The Midgard Bestiary can be a little confusing, because they use the same cover illustration for all different editions of the book. It’s a great image, so I can see why! But this version of the book, designed for the Pathfinder RPG, looks really similar to the AGE System bestiary. If you’re looking to buy some Midgard monsters, take an extra second to make sure you’re grabbing the right book.
So is this just a revision of the AGE bestiary, with Pathfinder stats? Not at all. This is a totally different monster book. It shares a few of the same monsters because both books draw from published adventures in the Midgard campaign world, which itself draws from various European folk legends. However, the Pathfinder Bestiary has roughly twice as many monsters, and the “duplicate” monsters are obviously extensively different, stats-wise.
This monster collection does have a very European flavor — you won’t find any Asian-themed monsters, no Aztec monsters either. There are some dragon variants and a smattering of demons and devils. There’s a whole sub-theme of “subtly creepy” creatures sewn through the pages. Death butterflies, drowned maidens, and weird haunted trees may seem fairly innocuous at first. They are not, in fact, innocuous.
The strongest recurrent theme, though, is utterly insane terrifying bizarre creatures from beyond your most twisted imaginings.
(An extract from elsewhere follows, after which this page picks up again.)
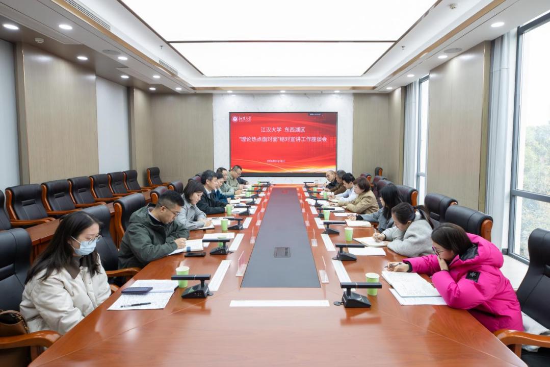 3月18日下午,江汉大学与东西湖区“理论热点面对面”结对宣讲工作座谈会在江汉大学行政楼217会议室召开。会议聚焦推动党的创新理论深入基层、深入人心,围绕深化校地协同、优化宣讲模式、提升“百马行动”实效展开深入交流,旨在打造资源共享、优势互补的理论传播与服务平台。

Let’s start with the strangling watcher, a worm on four tentacle legs, with one giant eye and weird feather antennae. The doppelrat is just a rat. A rat that splits into two rats, each of which split into two more, each of which…yeah, get it? Lots of rats.
The derro fetal savant is an infant creature carried around in a cage that will attempt to swap souls with you. A child of the briar is a hybrid fae infant/plant, covered in thorns. And we can’t forget the bukavac, a six-legged, vaguely humanoid horror that leaps out of swamps and yells at you.
With good art, bizarre monsters, and Open Design’s solid track record, this Bestiary undoubtedly has a place on your creature catalog shelf.